Die Botschaft hätte nicht klarer sein können. Frankreichs Haushaltsdefizit wird bestenfalls 2005, vielleicht aber auch erst 2006 wieder unter drei Prozent des Bruttoinlandproduktes sinken. Das Land wird damit im kommenden Jahr zum dritten Mal einen Haushaltsfehlbetrag über der Drei-Prozent-Marke ausweisen: Nach 3,1 Prozent 2002 wird das Defizit in diesem und im kommenden Jahr um die vier Prozent liegen. Gleichzeitig steigt die Staatsverschuldung 2003 mit voraussichtlich 61,8 Prozent über die von Brüssel autorisierten 60 Prozent des Volkseinkommens.

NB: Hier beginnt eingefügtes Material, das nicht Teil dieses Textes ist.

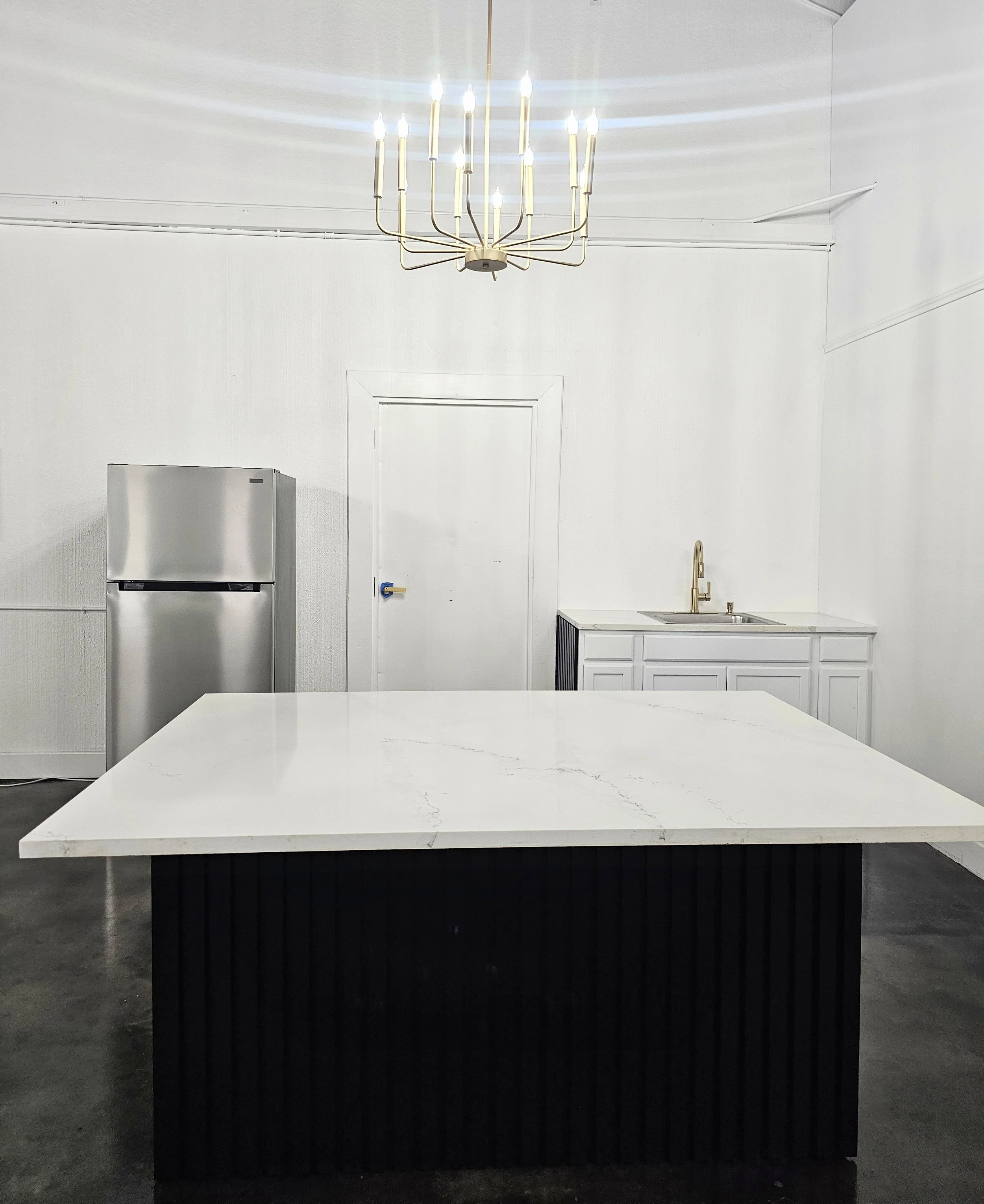 Our 6’x4’ granite kitchen island is the perfect place to put your food and cake along with a sink, refrigerator, freezer and microwave.

Prodis Antwort ließ an Deutlichkeit nichts zu wünschen übrig. "Die Kommission will und wird die Regeln des Stabilitätspaktes strikt befolgen. Defizit und Verschuldung helfen dem Wachstum nicht. Die Rechnung dafür haben zukünftige Generationen zu bezahlen." Paris muss mit einer Strafzahlung rechnen.

Die Wahrheit ist heraus

Brüssel und Paris gehen auf Konfrontationskurs. Doch immerhin ist das Katz-und-Maus-Spiel vorbei und die Wahrheit heraus: Frankreich missachtet schon seit längerem die Regeln des Stabilitätspaktes. Schon für 2003 hatte sich die französische Mitte-Rechts-Regierung als einzige der EU-Mitgliedsländer geweigert, das strukturelle Defizit um 0,5 Prozentpunkte zu senken. Man habe "andere Prioritäten", beschied seinerzeit Wirtschaftsminister Francis Mer seinen Kollegen.

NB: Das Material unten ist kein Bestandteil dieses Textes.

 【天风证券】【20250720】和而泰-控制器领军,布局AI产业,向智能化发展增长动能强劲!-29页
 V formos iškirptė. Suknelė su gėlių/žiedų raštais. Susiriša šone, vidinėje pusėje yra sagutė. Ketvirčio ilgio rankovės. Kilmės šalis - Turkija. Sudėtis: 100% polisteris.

Zwar will die Regierung die Ausgaben 2003 und 2004 auf dem Vorjahresniveau einfrieren, doch dafür brechen die Steuereinnahmen weg. Die schlechte Konjunktur, eine wieder deutlich steigende Arbeitslosigkeit und das wachsende Defizit in den Sozialkassen sind die Hauptgründe dafür.

Doch es gibt auch hausgemachte Ursachen für die Verschlechterung der Haushaltslage: Auf Anweisung von Staatspräsident Jacques Chirac muss Raffarin auch 2004 Steuern und Abgaben weiter senken, wodurch die Einnahmen noch niedriger ausfallen werden. Zudem sind neue Mittel für die maroden Krankenhäuser, die Altenpflege sowie für Schulen vorgesehen. Dass die Rechnung nicht aufgehen konnte, war schon lange klar.

Französischer Wein

Doch Frankreich schenkt Brüssel als erster Staat reinen Wein ein und muss die Prügel auch für andere einstecken. Denn demnächst muss auch Deutschland zum Canossa-Gang antreten. In Paris wird augenzwinkernd darauf verwiesen, dass zwischen Ankündigungen und realer Politik der Bundesregierung eine große Lücke klafft. Schon seit längerem hofft man, mit Deutschland zusammen eine Aufweichung des Stabilititätspaktes zu erreichen, in dem zum Beispiel Ausgaben für Forschung, Infrastruktur und Rüstung bei der Berechnung ausgeklammert werden.

Selbst wenn das Pariser Kalkül aufgehen sollte: Beim Treffen der EU-Finanzminister Anfang September und dem der Regierungs-Chefs im Oktober dürfte sich der Zorn der kleinen, stabilitätstreuen EU-Staaten vor allem gegen Frankreich richten. Paris ist nämlich auch mit strukturellen Reformen etwa des Gesundheitssystems in Verzug und zeigt auch hier wenig Willen, Brüsseler Vorgaben umzusetzen.